When I get the call/text a few hours or the day before a prospective buyer wants to see the house, this is what happens. If children are home, they are informed to pick up their rooms (so I can go behind them later and do a better job ☺) Floors are reviewed for obvious dirt. If we have too much accumulated dirty laundry (giving the bedrooms an odor), I call for hampers at the laundry area and begin the washing. John, if he is home, checks for burned-out light bulbs and surveys the outside areas for needed repairs, trimming, or other issues…
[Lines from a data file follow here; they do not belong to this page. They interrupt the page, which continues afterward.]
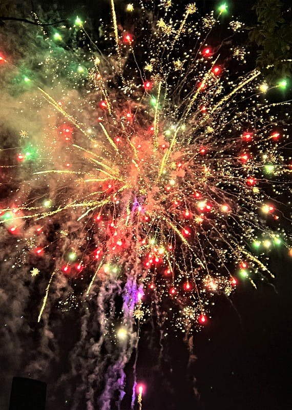 19時45分からは約5分間の打ち上げ花火が楽しめます。和太鼓の演奏や人気楽曲に合わせた花火が夜空を鮮やかに彩ります。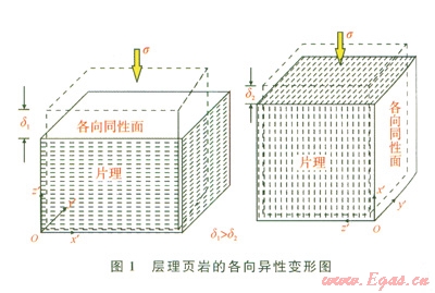 層理頁巖的各向異性變動如圖l所示,垂直構(gòu)造面的壓縮性顯著大于平行構(gòu)造面的壓縮性,所以,這種巖石在層理面的應(yīng)力-應(yīng)變性狀是各向同性的。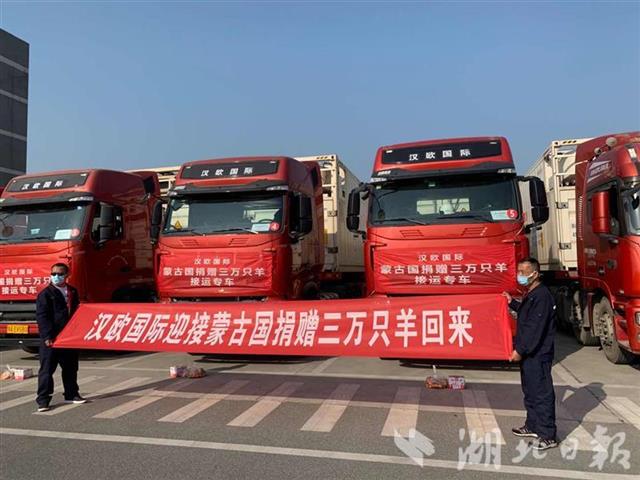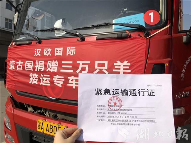 武汉汉欧国际物流有限公司举行“蒙古国捐赠三万只羊接运专车”发车仪式。(汉欧国际供图)据了解,本次汉欧国际接运蒙古国捐赠湖北三万只羊事项得到了湖北省交通厅、湖北省商务厅、省慈善总会、武汉港航发展集团等单位及北京英菲蒂克国际贸易有限公司、中农联控股有限公司、中国人民财产保险股份有限公司武汉市分公司、中车长江车辆有限公司、英铁瑞国际货运代理(上海)有限公司、北京跨欧亚国际货运代理有限公司、北京逸浚供应链管理有限公司、华安财产保险股份有限公司、上海开利运输冷气设备有限公司等方面的大力支持。湖北省交通厅特意为集卡开具了“紧急运输通行证”,确保运输路上一路“绿灯”。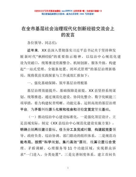 / 在全市基层社会治理现代化创新经验交流会上的发言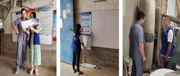 網(wǎng)格員楊勇、方芳、端木和麗來到唐家窯工業(yè)園的一家木制品加工企業(yè)。方芳向企業(yè)發(fā)放《安全生產(chǎn)手冊(cè)》,端木和麗張貼“事故出于大意,安全在于警惕”宣傳海報(bào)。從生產(chǎn)安全、建筑安全到用電安全,兩人逐一把各個(gè)要點(diǎn)詳細(xì)地介紹給企業(yè)負(fù)責(zé)人,督促他們樹立“安全第一”的意識(shí),落實(shí)企業(yè)主體責(zé)任。楊勇則具體檢查了企業(yè)的粉塵清掃記錄,將企業(yè)粉塵清掃不及時(shí)的隱患錄入181平臺(tái)社會(huì)面“小型場(chǎng)所巡查”模塊里,督促企業(yè)現(xiàn)場(chǎng)整改,并向他們講解粉塵的危害知識(shí)。在楊勇的強(qiáng)調(diào)和引導(dǎo)下,企業(yè)負(fù)責(zé)人立即安排員工清掃了粉塵,并表示,有了網(wǎng)格員這個(gè)警報(bào)器,安全生產(chǎn)這根弦一定會(huì)始終繃緊!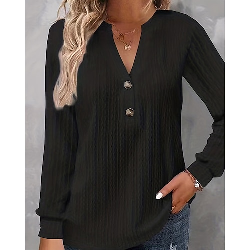 Per donna Maglietta Tinta unica Elegante Moda Manica Lunga Scollo a V Top Regolari Quotidiano Weekend Bottoni Blu Nero Bianco Giallo Rosa Primavera Autunno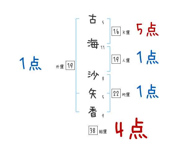 古海沙矢香さんの画数の鑑定結果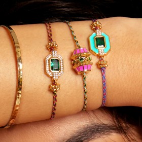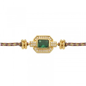 Ce bracelet ajustable propose un cordon fin multicolor pour inscrire un décor inspiré de la période Art-Déco avec son design graphique pour ajouter une touche chic et lumineuse grâce à ses pierre verte facettée et son encadrement scintillant de mini zircons blancs. Il allie glamour, lumière et modernité et très inattendu en toutes circonstances.

As the time for the showing nears, I go room-by-room, picking up and putting away what is left out, making beds, cleaning bathroom sinks (and toilets or tubs, if necessary)…

bathrooms

…washing dishes, hiding kitchen appliances to create clear surfaces, cleaning counters and appliances and windows of gunk or smears…

kitchensurfaces

…turning on every light in the house, and gathering trash from every trashcan in the house for removal. Then it is time to leash the dogs and move them to the van. Once that is done, I can remove the sheets from the sofas and set up the pillows and throws.

decorativepillows

I can go back around the three floors of the house and open the doors to rooms where the dogs are not allowed to go. In the basement, I remove the dog barrier (which protects Joe from comingling with Xavior) and stow it and Joe’s dog bed in John’s work area. I hide dog bowls. I move outside to remove the various ties and latches we’ve installed to divide the yard and keep the male dogs apart and/or from escaping to the street, and hide these items. Finally, I pick up all the piles of dog poop that may be stepped in. I get in the van with my three companions: Joe, Xavior, and Katie, and drive away… Once I came home an hour after the scheduled “showing” and undid all the preparations to allow the dogs back in only to hear the doorbell ring. It was the agent and buyer who were “running behind schedule.” Ugh!

I’m stuck. I don’t want to be a cleaning lady! God did not create me for this. I am sure of it. I’m not even very good at cleaning. Just ask my husband how many times he has said, “Don’t you SEE that dirt?” And to add to the misery, I can’t really afford to start any “projects” or even cook fancy meals because I am so aware that those efforts only create more stuff to clean.

Friends, family members, and readers who are suffering in much harsher ways with no end in sight will shake their heads at the triviality of my complaints. The Falcos are lucky to have this house to sell. We are fortunate people in general.

My point is: All of us ought to take a look at what’s eating us and try to put it in perspective. Is this a short-term thing? Difficult as the present may be, is it leading us to something potentially better? Is there anything we can do to change what is making us uncomfortable/unhappy now? Is there a way to use our experiences and insights, happy or not, to help others?

If Emily can hang in there and do her best at Andrew College, she is creating a launch pad for other and different experiences she may enjoy more at another college. If K.J. can finally give up lying about what he hasn’t done, but says he has, and put the effort he is capable of into his school work, his grades will improve and allow him a greater range of choices for college. If Skye will dig deeper in her treatment now, painful as it is, she will have a happier and more productive life when she leaves west Texas. If I can see this cleaning drudgery as a temporary phase leading to a better housing situation for our family, I can get through this with greater calm and decrease the family stress.

Your issues – unemployment or unhappy employment, illness or family strife – may be bigger than the issues we currently face. Is there a way out or a way through? Are there others you can call on for help? Have you learned anything about yourself that will help you navigate better what comes next?

I’m no expert. What I do know is that being stuck in miserable is not the way I want to live my life.